IT has been 35 years since the Muslim communities of Sri Lanka’s Northern Province were evicted en masse by the Liberation Tigers of Tamil Eelam (LTTE).

- By Mahendran Thiruvarangan

Remembering eviction of northern Muslims and making commitment to coexistence

This incident left a dark blot on the long history of Tamil—Muslim relations in the region and beyond. Many of the evicted Muslims went to Puttalam and the southern parts of the country, where they lived for years in camps for internally displaced persons. They faced severe economic hardship as they rebuilt their lives from scratch in unfamiliar surroundings. They also experienced social isolation, as host communities were not always welcoming of their prolonged presence.

Back in the north, their homes were left to ruin or occupied by displaced Tamils; their mosques fell into disuse; their shops were looted and their schools abandoned; and their lands came under the control of the Sri Lankan military. In their absence, the Northern Province became mono-ethnic. As stated in the Citizens’ Commission report released in 2012, the eviction of the Muslims should be understood as an act of ethnic cleansing. Here is a community that was forcibly uprooted from its homes and lands and rendered refugees. They were severed from the economic resources that had sustained them for centuries and denied access to the schools and mosques that formed the core of their cultural, religious, and social life. The magnitude of the social, cultural, and economic loss and dispossession suffered by the northern Muslims makes the eviction a clear act of ethnic cleansing.
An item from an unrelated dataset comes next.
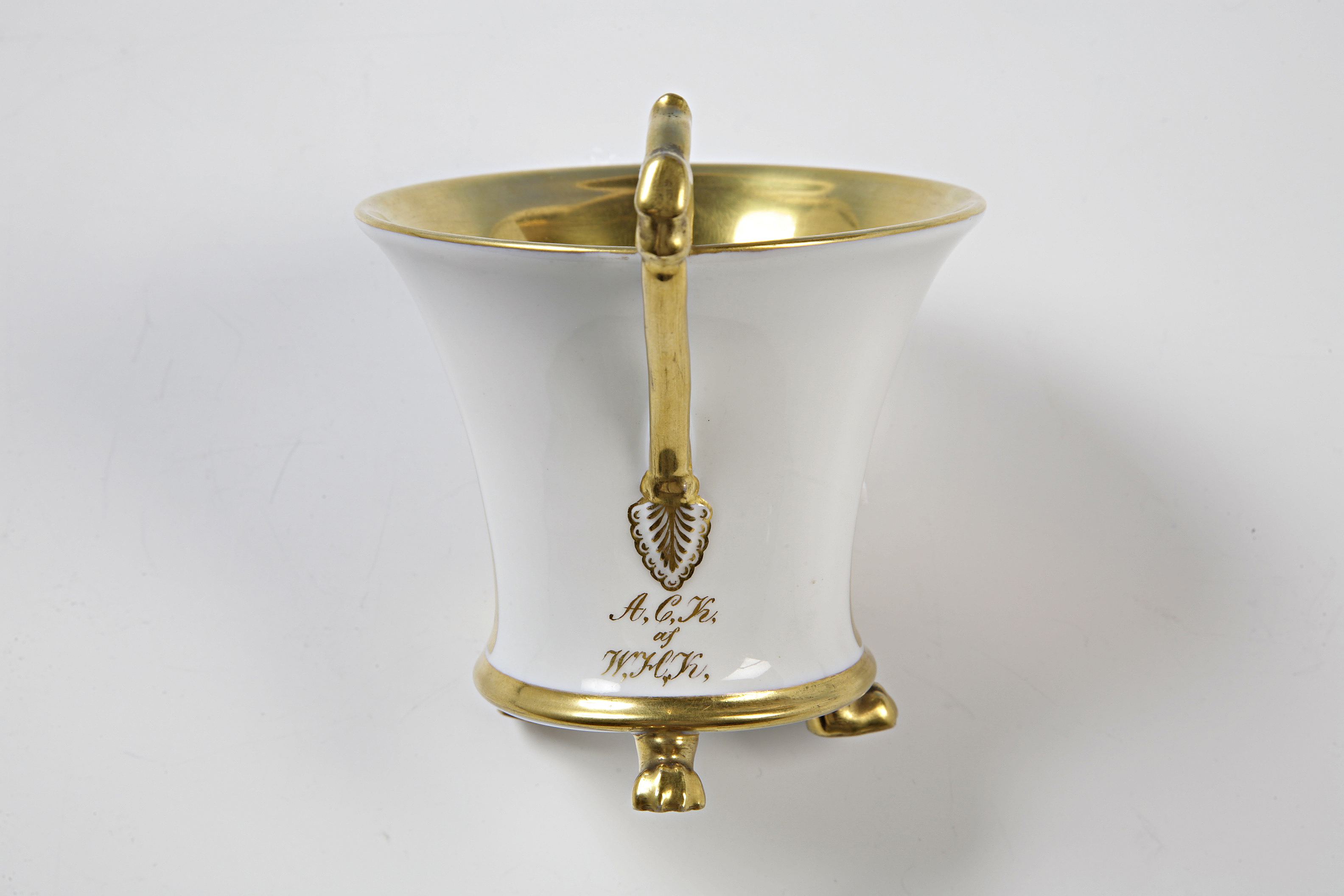 Kopp med utsvängd bredd och på tre tassfötter med fat. Dekor med vy av Stockholm sedd från Mälaren. Nedanför henkeln fäste står skrivet A C K, AF W H K vilket läses som Anna Catharina Kempe af Wilhelm Heinrich Kempe. Koppen var en gåva från Wilhelm Kempe till sin svägerska Anna Catharina Kempe. Wilhelm Heinemann, tysk porslinsmålare som e.u. bosatte sig i Stockholm omkr. 1830 där han utförde utmärkta prydnadsmålningar på s.k. paradkoppar, vaser, porträtt, landskap etc. Hans arbeten var mycket eftersökta. Han lämnade Stockholm ca 1841. Gåva till Johanna Kempe, f. Wallis under 1870- talets förra hälft från hennes mans brorsdotter Johanna Maria Kempe.

While some tend to frame the eviction of the Muslims as merely another tragedy of the civil war, its roots are deeply ideological. Like many ethno-nationalist movements around the world that imagine land as an ethnic, racial, or cultural homeland, Tamil nationalism too claims Sri Lanka’s northeast as the Tamil homeland, a territory where Tamils, as a nation, have the inalienable right to determine their political future. This articulation is widely seen as a legitimate expression of the Tamil community’s desire for liberation in the face of Sinhala-Buddhist chauvinism.